» SOURCE MATERIAL:

####################

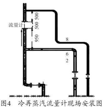 根據(jù)圖1渦街流量安裝要求示意圖及廠家的設(shè)備說明書要求,流量計上游的直管段長度至少為20D≈1 300mm,下游的直管段至少在5D≈325mm,D=65mm 為管道直徑。圖4為冷再蒸汽流量計現(xiàn)場安裝圖,流量計上游僅為950mm<1600mm,此流量計安裝位置有誤,對測量值有一定的影響,造成測量偏差,需調(diào)整流量計的安裝位置。
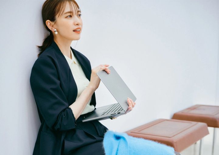 寒いミーティングルームではストールをブランケット代わりにして、しっかり防寒。ネイビースーツとブルーのセットは清潔感が出るから、お仕事向き。ストールは暗く見えがちな冬服を明るくする効果も。
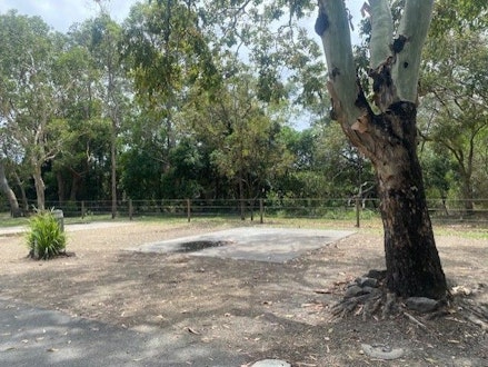 Powered double site with concrete slab. You can enjoy full use of the camper's kitchen, BBQs, amenities block, coin-operated laundry, swimming pool and courts.
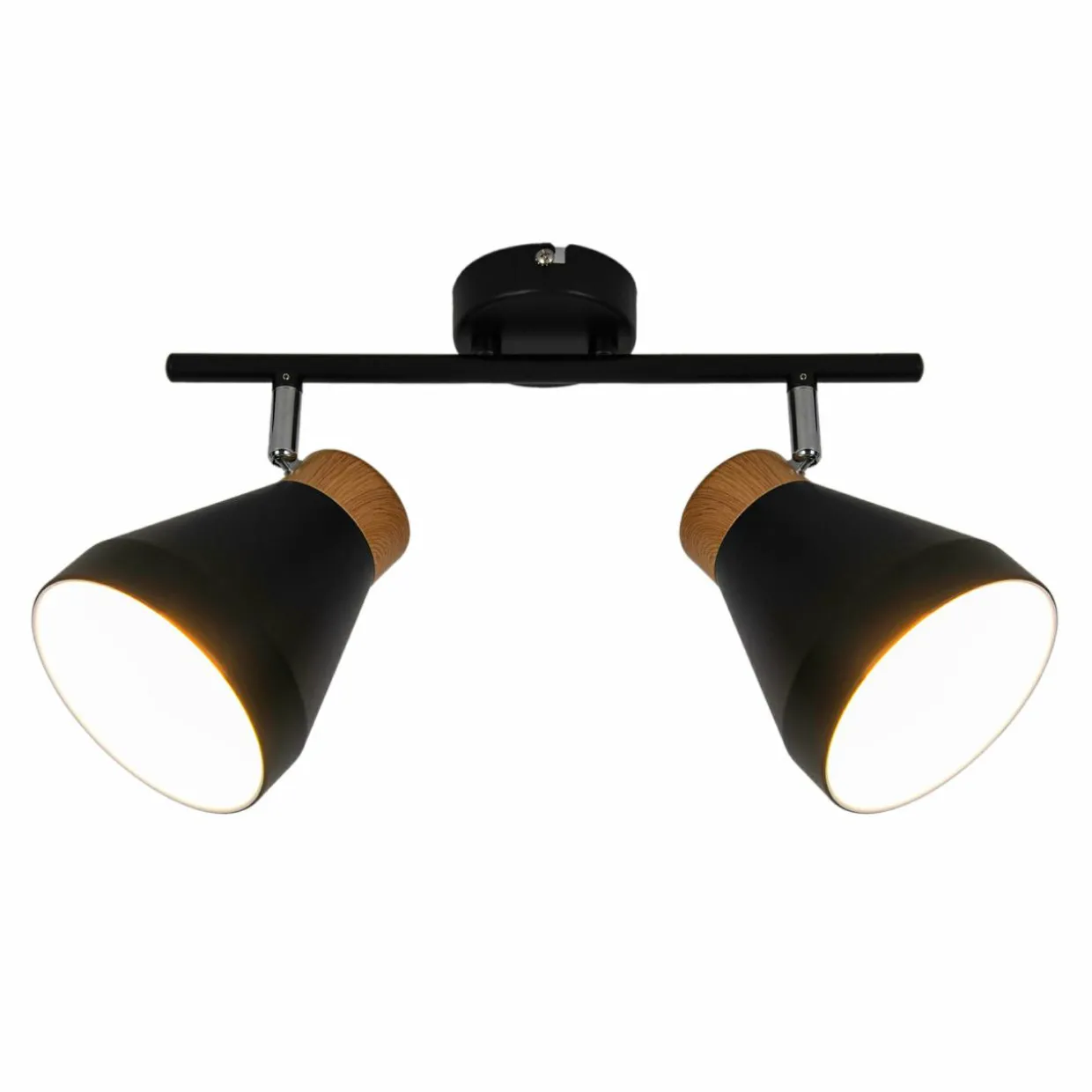 Wizualnie łączy surowy nowoczesny styl z naturalnością. Czarny kolor jest dopełniony elementami w odcieniu jasnego drewna w górnej części kloszy. Komponuje się z meblami i dekoracjami w podobnej tonacji, zatem możesz lampę wykorzystać jako dopełnienie wnętrz w stylu nowoczesnym oraz loftowym.

####################

» ASSIGNED TASK: Only the lines that lie between the start of the listing and the line containing "寒いミーティングルームではス", both included, belong in the answer; write them out exactly and omit pictures.

» ANSWER SECTION:
 根據(jù)圖1渦街流量安裝要求示意圖及廠家的設(shè)備說明書要求,流量計上游的直管段長度至少為20D≈1 300mm,下游的直管段至少在5D≈325mm,D=65mm 為管道直徑。圖4為冷再蒸汽流量計現(xiàn)場安裝圖,流量計上游僅為950mm<1600mm,此流量計安裝位置有誤,對測量值有一定的影響,造成測量偏差,需調(diào)整流量計的安裝位置。
 寒いミーティングルームではストールをブランケット代わりにして、しっかり防寒。ネイビースーツとブルーのセットは清潔感が出るから、お仕事向き。ストールは暗く見えがちな冬服を明るくする効果も。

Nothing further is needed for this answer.